I began to read a borrowed book last week. This was the opening line: "Conversion is the ultimate act of trauma." I didn't read any farther—that first sentence captured me.

This powerful description of conversion reminded me of Rosaria Butterfield, who left lesbianism because she found her worldview completely colliding with the Book. In this interview (and also in her book), she speaks of some of the "trauma" associated with the conversion which she describes as a "train wreak". She was drawn by Truth but when she entered the chur'chintellectual, butch, and almost-still-lesbianRosaria had a lot of questions for the ladies occupying the pews. She'd ask them point-blank, "What did you give up to be here?" By doing so, she found that they had stories too; she wasn't the only one who'd struggled to come to and hold on to true faith. Perhaps her new Family had not come out of lesbianism, but they'd come out in other ways. Their war stories reminded her that she wasn't alone in the trauma of conversion. I'm so glad she heard their stories.

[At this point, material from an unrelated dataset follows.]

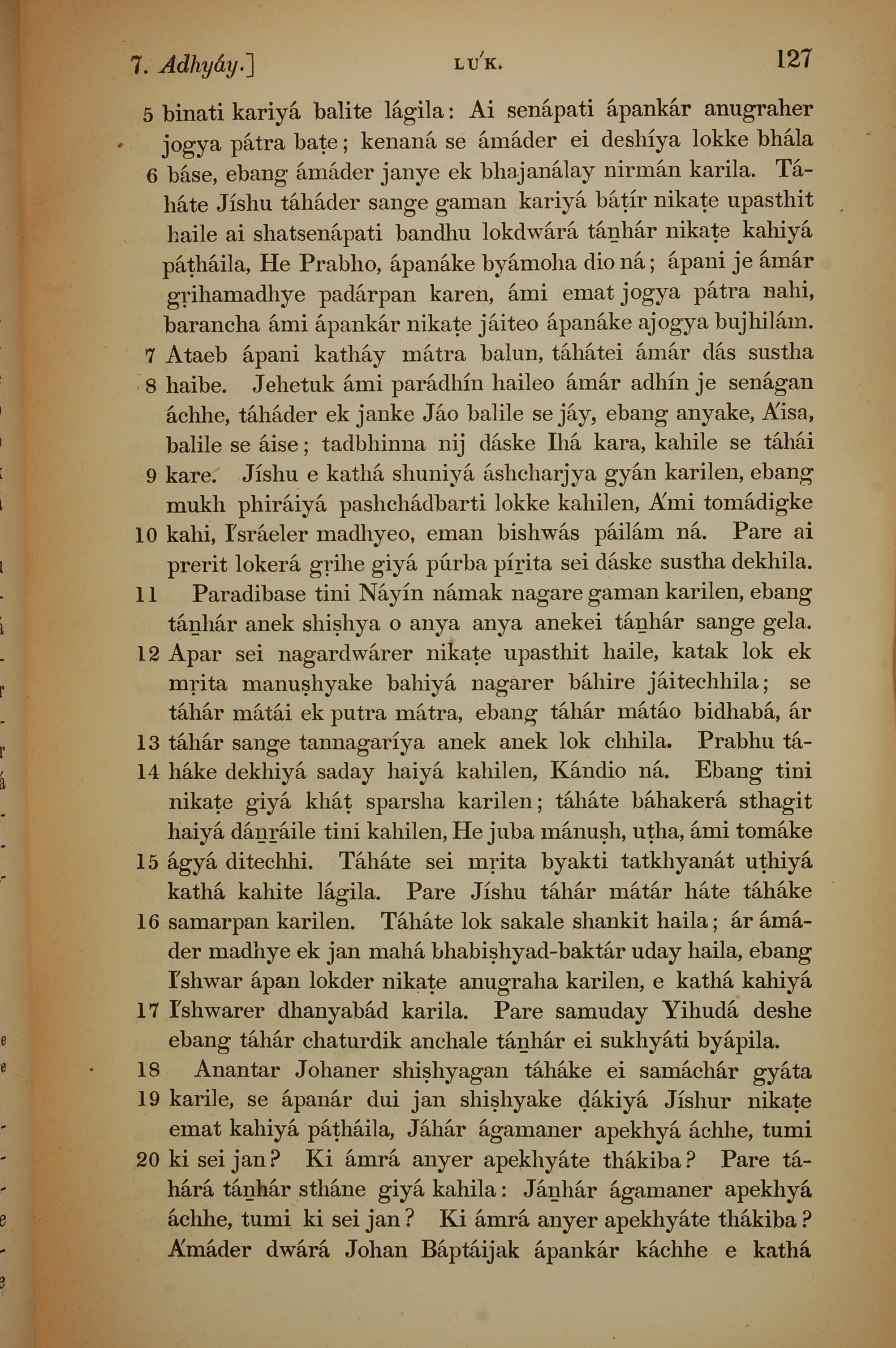 1839年孟加拉语新约全书 路加福音 7 章 5 节到 7 章 20 节

Because, perhaps you, like me, have met people occupying the pews who don't seem to know any trauma. They are all peaches, iced tea and warm holidays. If they knew crisis, it was 30 years ago. I'd love to be all peaches, iced tea and warm holidays, but that's not what I see in the Book or in my heart. Perhaps this is why I have gravitated to Rosaria, Amy Charmichael, Oswald Chambers, Jim and Elisabeth Elliot, and other friends who talk about the trauma of conversion, of daily dying. ("Put to death, therefore, whatever belongs to your earthly nature: sexual immorality, impurity, lust, evil desires and greed, which is idolatry.")  

I didn't experience Rosaria's trauma with my original conversion event. How much does a four-year-old have to convert? But the rest of my life I have spent converting, present continuous, and in that journey I have felt the trauma. What waits for me on the other side of forsaking sin is true joy....but the process of admitting and forsaking hurts. That's because sin hurts, and to leave it, no matter how glorious our destination, is costly. 

(Lately I've been seeing the pride that still dwells in my heart. Last night, I found myself on my bed praying that the Father would take my sinful pride away from me; it makes both Him and me ill. I have begun to take shelter in the account of King David. How could his life story include adultery, yet the summary of his life be that of a "man after God's own heart"? The key seems to have been in his willingness to convert when confronted about his sin. Certainly, there were many sinful incidents in his life, but the overall thrust of his life was marked by a desire to become more obedient to Him.)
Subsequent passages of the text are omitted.